そんなことはさておき、「NoxExz」さん、「伝説の超三毛猫」さん、「ししゃも」さん、感想ありがとうございます。
そして、「カウン」さん、「NoxExz」さん「川崎ノラネコ」さん、評価ありがとうございます。
皆様のおかげで、この度評価に色が付きました。
これからも頑張っていきますので、応援よろしくお願いします。

それでは本編どうぞ。





連邦捜査部シャーレ!

「……はい。分かりました。先生。サンクトゥムタワーの制御権の確保が確認できました」

「ん……ん? おぉ、それはよかったよ」

「はい。これからは連邦生徒会長がいた頃と同じように、行政管理を進められますね」

 

 アロナのいた空間から元の部屋に戻り、早速声をかけてきたリンちゃんに返事をする。

 リンちゃんが言う内容的に、どうやらアロナはしっかりとやってくれたようだ。

 流石はよく分からん素材とシステムで作られた子である。

 とりあえず、アロナが言っていたことについて聞いてみることにした

 

「あー、ところでリンちゃん。ここにでっかい"倉庫"ってある?」

「……? えぇ。シャーレの地下には何の目的で作られたのか分からない倉庫……いえ、"()()()()"があります。それこそ、戦車を何十台と入れても余りそうな大きさのガレージが……使用されますか?」

「あぁ。後日、ここにあるものを運び込もうとしてるんだけど……」

「……ブラックさん達のようなものを、ですか?」

 

 流石リンちゃん。これだけで大体のことは察してくれた。

 ブラックのことを事前に話していたとはいえ、ここまでの情報だけで答えにたどり着けるのは流石首席行政官と言ったところか。

 

「そうだね。あー……もしそいつを使うことになったら、書類仕事とか頼んでいいかな?」

「……サポートすると言ったのは私達です……。……分かりました。そのようなことが起こらないことを願います」

「あっはは……。俺もそう願ってるよ……」

 

 主に、"()()()"を持ちだされることになる相手に対して……南無南無……。

 ……ここまで治安悪い&技術が発展してるところでは、いつ、何が起こるかわかんないし……割と早く来そうだなぁ……。

 

「とりあえず、それはまた後日にするとして……。ついてきてください。連邦捜査部『シャーレ』をご紹介いたします」

「やぁっとか……」

 

 ようやく、自身が所属するであろうシャーレに関して触れる時が来たようだ。

 この1日、本当に訳の分からないことが連続して起きたもんだ……。

 目が覚めたらよく分からん場所でリンちゃんに会って、いきなり聞かされるこの場所のトップが行方不明。

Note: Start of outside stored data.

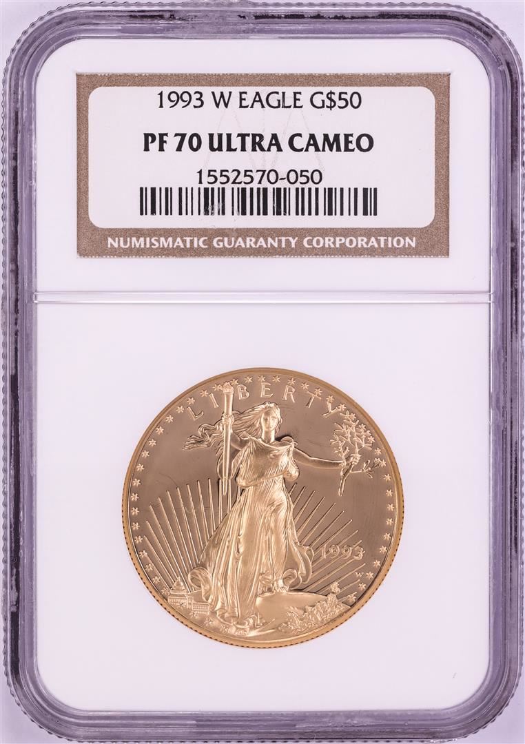 One 1993-W $50 Proof American Gold Eagle Coin NGC PF70 Ultra Cameo. NGC Certified.
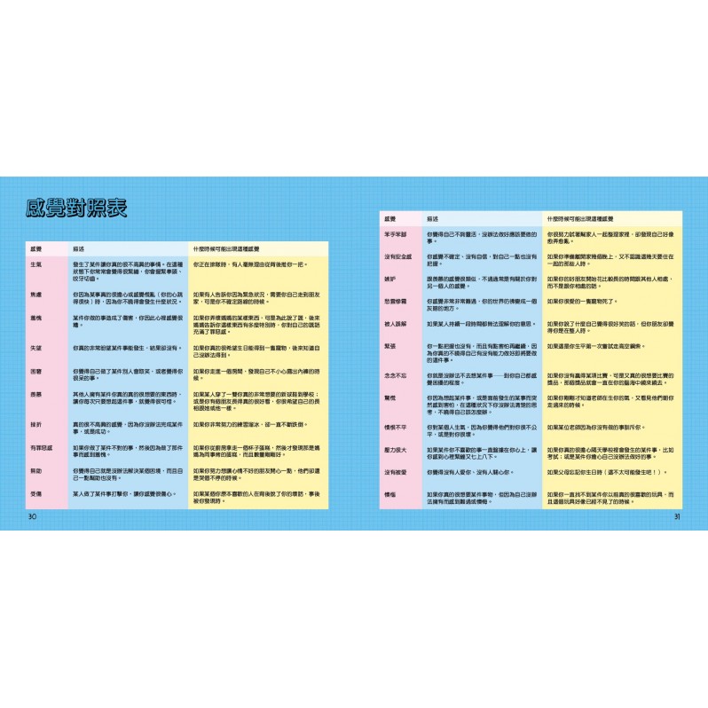 ★特別收錄「感覺對照表」與「家長指南」,提供父母親許多實用且有效的建議,引導孩子理解情緒與對應的生活實例,釐清自己在煩惱什麼?又有哪些方法能讓孩子不再感到焦慮煩憂。
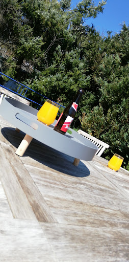 le cadre de la batisse, une nouvelle construction mais finie avec tout un tas de matériaux d'époque, prélevé par ci par là par les patrons, véritablement passionné par l'architecture les patrons, très très sympathique et qui non seulement sont absolument serviables de bout en bout mais qui n'hésitent pas donner de leur temps pour parler de leur passion ou region, surtout Monsieur, avec qui j'ai eu le privilège d'aller voir sa cave voûtée, véritable perle d'architecture à mon sens. notre chambre, avec une déco mi-vintage mi-arabe et une splendide douche spacieuse l'espace que l'on a tout simplement dans tout l'établissement, avec un très grand salon/pièce commune, une grande terrasse et un grand jardin où nos enfants se sont éclatés pendant que l'on prenait l'apero dehors au soleil (avant la drache nationale deux jours après) et dernier point, mais non des moindres, le coin sauna avec la piscine, rien que pour vous pendant 1 heure !!! 😀 = attention, il faut réserver son heure petit déjeuner correct
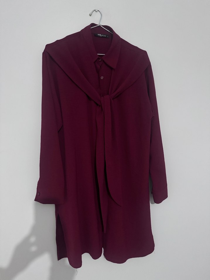 Bordo renkte, uzun kollu ve yakalı, dökümlü detaylı, salaş kesim kadın tunik. Satenimsi kumaştan, ofis için uygun sade ve minimalist tarzda.
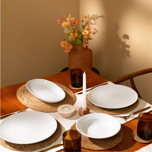 Tip: Select a wicker woven placemat that frames your plate with ample space around it, ensuring a balanced and polished look while highlighting the craftsmanship of the handwoven rattan design.
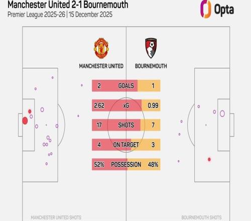 英超第16轮,曼联主场对阵伯恩茅斯,上半场战罢曼联2-1领先,上半场比赛,两队一共完成24次射门(曼联17次),在对方禁...
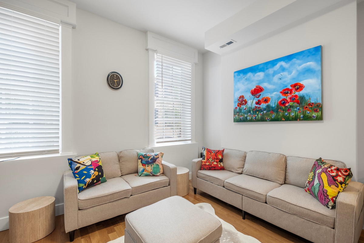 Բարի գալուստ ձեր քաղաքային օազիս ։ Այս ընդարձակ 4 ննջասենյակ (7 մահճակալ), 3 լոգասենյակով տունն առաջարկում է ժամանակակից հարմարավետության և հանգստի միաձուլում, որտեղ հարմարավետորեն քնում են մինչև 12 հյուր ։ Վայելեք բավականաչափ բնակելի տարածք, լիովին կահավորված խոհանոց և հարմարավետ ճաշասենյակ ։ Բացօթյա հիանալի տարածքները ներառում են քաղաքի տեսարաններ մեծ տանիքի տախտակամածից: Կայանատեղ 1 տրանսպորտային միջոցի համար ։ Կենտրոնի գտնվելու վայրը միախառնվում է էկլեկտիկ սննդի կետերի և թաղամասերի հիացմունքների հետ ։ Դուք ընդամենը մի կարճ տարանցում եք այն ամենից, ինչ առաջարկում է եղբայրական սիրո քաղաքը
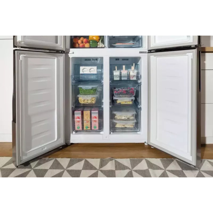 Эффективно спроектированный интерьер содержит достаточно места для большего количества пищи, экономя вас от частых путешествий по магазинам. Еда может быть легко организована на стеклянных полках, в больших ящиках или в отсеках на внутренней стенке двери, то есть всегда можно увидеть, что уже есть в наличии.
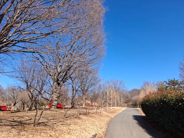 葉を落とした木々が、青空へと枝を伸ばしていました。
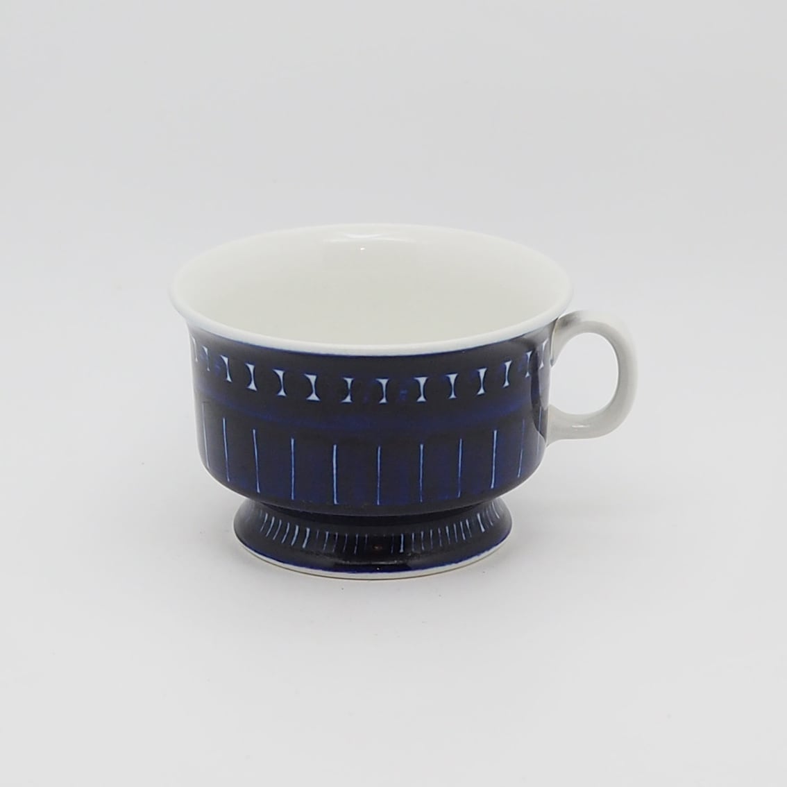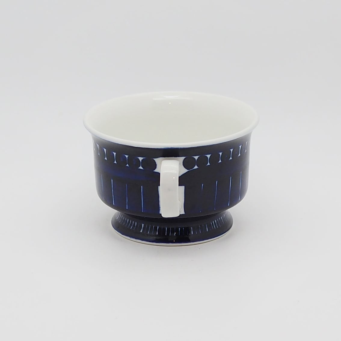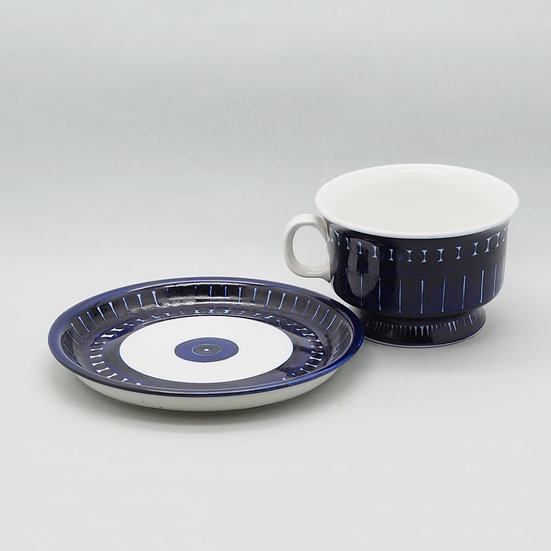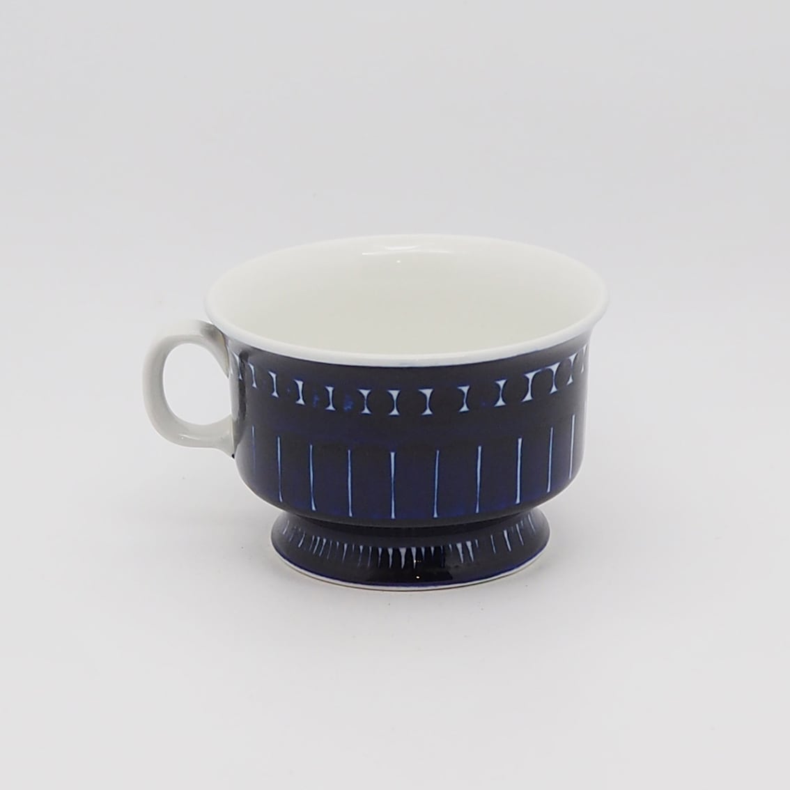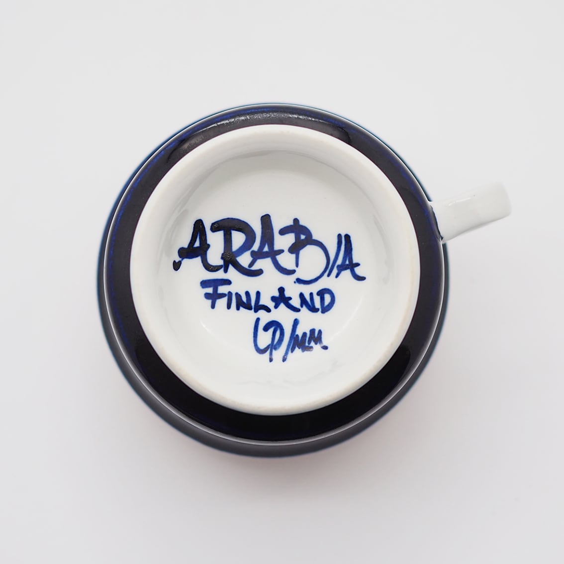 アラビア社を代表するデザイナー、ウラ・プロコッペがデザインしたシリーズの中でも人気が高くコレクターが多いValencia(バレンシア)シリーズ。はっとするくらい美しいコバルトブルーの絵柄はすべてフリーハンドで描かれたもので、全く同じものはひとつもありません。また、裏面のハンドペイントサインは、1960年代初期にフィンランド国内販売用に製作されたものにしか見ることができない貴重なものです。「バレンシア」とはスペインの州都の名で、若い頃を南欧で過ごした彼女がスペインの影響を受けてデザインしたと言われています。のびのびと大胆に描かれたハンドペイントは、南欧の明るい太陽やおおらかな空気を表現したのでしょうか。こちらは中でも出会うのが難しい大きなティーカップ&ソーサー。コンディションも良好でレアなアイテムですが、ぜひ普段使いとして毎日の暮らしに取り入れていただきたい名作です。

 かと思えば突然撃ち合いに巻き込まれて大勢の不良を気絶させ、挙句の果てには戦車を蹴り飛ばすことになる。

 ……うん、訳分からんな……なんじゃこれ……"外"で戦ってた時の方が……割とそうでもなかったわ。あっちでの戦いも割とヤバかったわ。

 

 クリスマス……シャケ……うっ、頭が。

 

「先生? どうされましたか?」

「あ、うん、ダイジョブダイジョブ。シャケリスマスのこと思い出しただけだから……」

「……あえて深くは触れません」

「その方が助かるよ……あれは思い出したくも広めたくもない……」

 

 あれだけはマージで思い出したくない記憶トップ10入りしてるやつだ……SAN値削れるであんなん……。

 

「それでは行きましょう」

「はーい……」

 

 そうして歩き出したリンちゃんの後についていくのであった。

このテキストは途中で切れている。